- YOUR OBJECTIVE
Write out nothing but the lines from the one containing "임대보증금 및 월 임대료는" through the last line below, both included, and without the pictures.

- DATA SECTION

::::

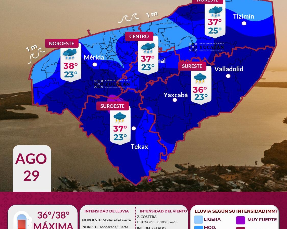 Para este viernes 29 de agosto, el ingreso de aire marítimo tropical procedente del Mar Caribe y del Golfo de México, favorecerá la presencia de lluvia ligera dispersa por la mañana en algunos municipios de Yucatán; a partir de las 13:00 horas se registrará de intensidad moderada a fuerte en municipios del noreste y noroeste; […]
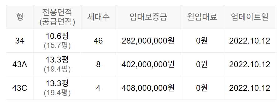 임대보증금 및 월 임대료는 입주자 모집공고일 기준이며, 보증금 최대 전환 시 변동될 수 있습니다.
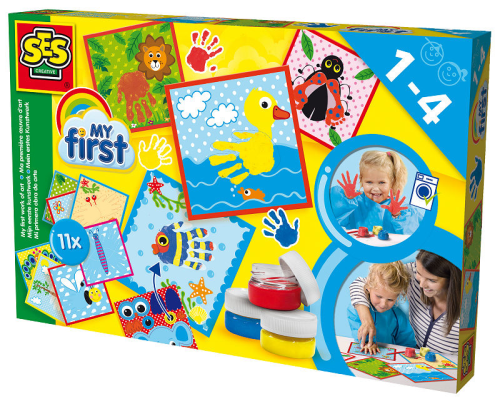 SES Mijn eerste kunstwerk is de perfecte manier voor ouders om hun kindje kennis te laten maken met verf. De set bevat vrolijke voorbedrukte kaarten, waarop staat aangegeven waar je je hand (of voet) kunt plaatsen. Smeer het handje in met verf en plaats h
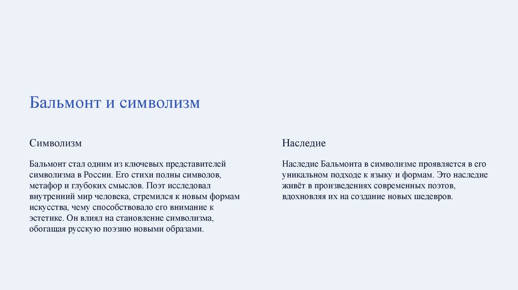 актуальными и вызывают интерес. Бальмонт не только оставил

::::

- RESPONSE BELOW
 임대보증금 및 월 임대료는 입주자 모집공고일 기준이며, 보증금 최대 전환 시 변동될 수 있습니다.
 SES Mijn eerste kunstwerk is de perfecte manier voor ouders om hun kindje kennis te laten maken met verf. De set bevat vrolijke voorbedrukte kaarten, waarop staat aangegeven waar je je hand (of voet) kunt plaatsen. Smeer het handje in met verf en plaats h
 актуальными и вызывают интерес. Бальмонт не только оставил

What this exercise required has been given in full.